What this task involves:
Make an exact transcript of the lines in the data below, starting with the one containing "오늘 아이들은 자연스럽게" and going on through the one containing "下半场,杭州四重奏还演奏了费", with both included and the pictures left out.

--- The input Enclosed Below ---

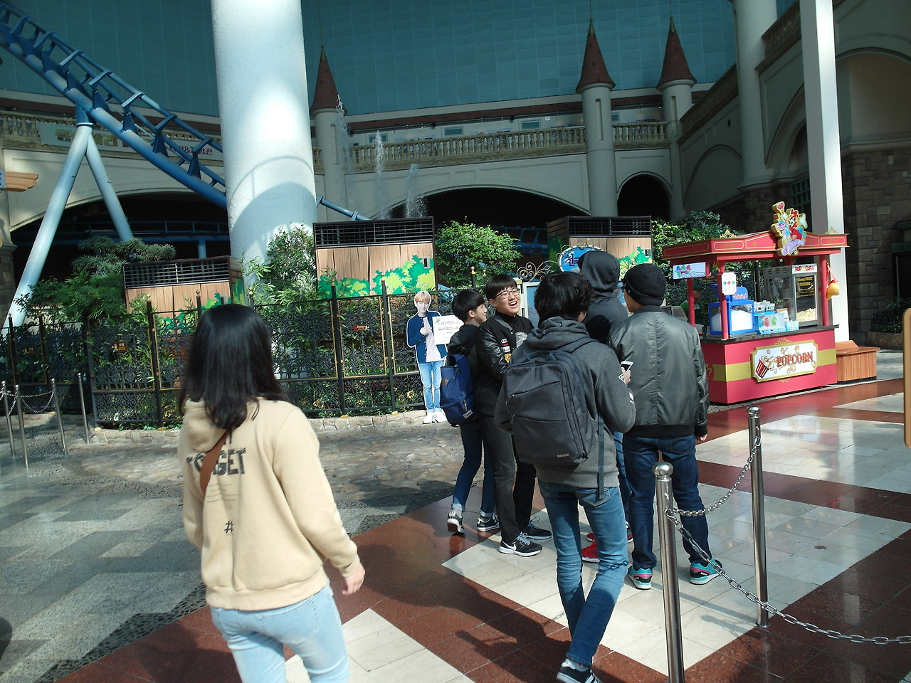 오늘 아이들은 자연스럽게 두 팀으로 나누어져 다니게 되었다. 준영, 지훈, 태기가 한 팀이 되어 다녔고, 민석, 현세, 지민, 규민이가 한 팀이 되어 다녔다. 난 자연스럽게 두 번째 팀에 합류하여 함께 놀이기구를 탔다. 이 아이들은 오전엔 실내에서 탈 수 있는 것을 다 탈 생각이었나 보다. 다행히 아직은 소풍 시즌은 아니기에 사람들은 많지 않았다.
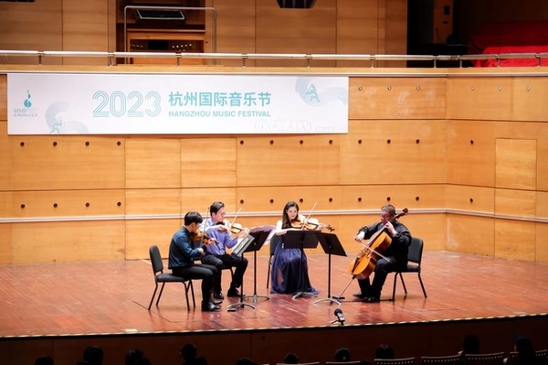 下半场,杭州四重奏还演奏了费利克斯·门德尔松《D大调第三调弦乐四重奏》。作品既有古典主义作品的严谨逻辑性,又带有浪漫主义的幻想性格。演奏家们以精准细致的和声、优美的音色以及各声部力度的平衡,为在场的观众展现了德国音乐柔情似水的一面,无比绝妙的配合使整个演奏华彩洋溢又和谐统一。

--- End of Enclosed The input ---
--- The input Enclosed Below ---

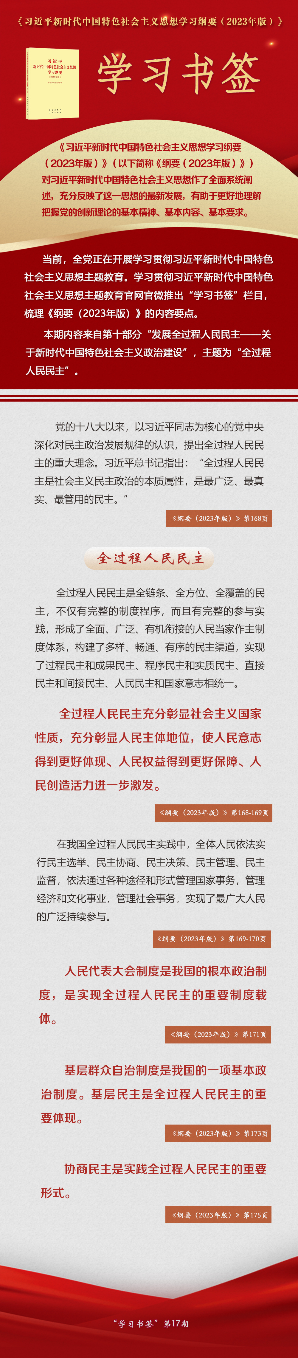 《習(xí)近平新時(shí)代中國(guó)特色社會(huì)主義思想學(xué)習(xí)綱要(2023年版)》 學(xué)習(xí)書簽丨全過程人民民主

--- End of Enclosed The input ---

Solved exercise:
 오늘 아이들은 자연스럽게 두 팀으로 나누어져 다니게 되었다. 준영, 지훈, 태기가 한 팀이 되어 다녔고, 민석, 현세, 지민, 규민이가 한 팀이 되어 다녔다. 난 자연스럽게 두 번째 팀에 합류하여 함께 놀이기구를 탔다. 이 아이들은 오전엔 실내에서 탈 수 있는 것을 다 탈 생각이었나 보다. 다행히 아직은 소풍 시즌은 아니기에 사람들은 많지 않았다.
 下半场,杭州四重奏还演奏了费利克斯·门德尔松《D大调第三调弦乐四重奏》。作品既有古典主义作品的严谨逻辑性,又带有浪漫主义的幻想性格。演奏家们以精准细致的和声、优美的音色以及各声部力度的平衡,为在场的观众展现了德国音乐柔情似水的一面,无比绝妙的配合使整个演奏华彩洋溢又和谐统一。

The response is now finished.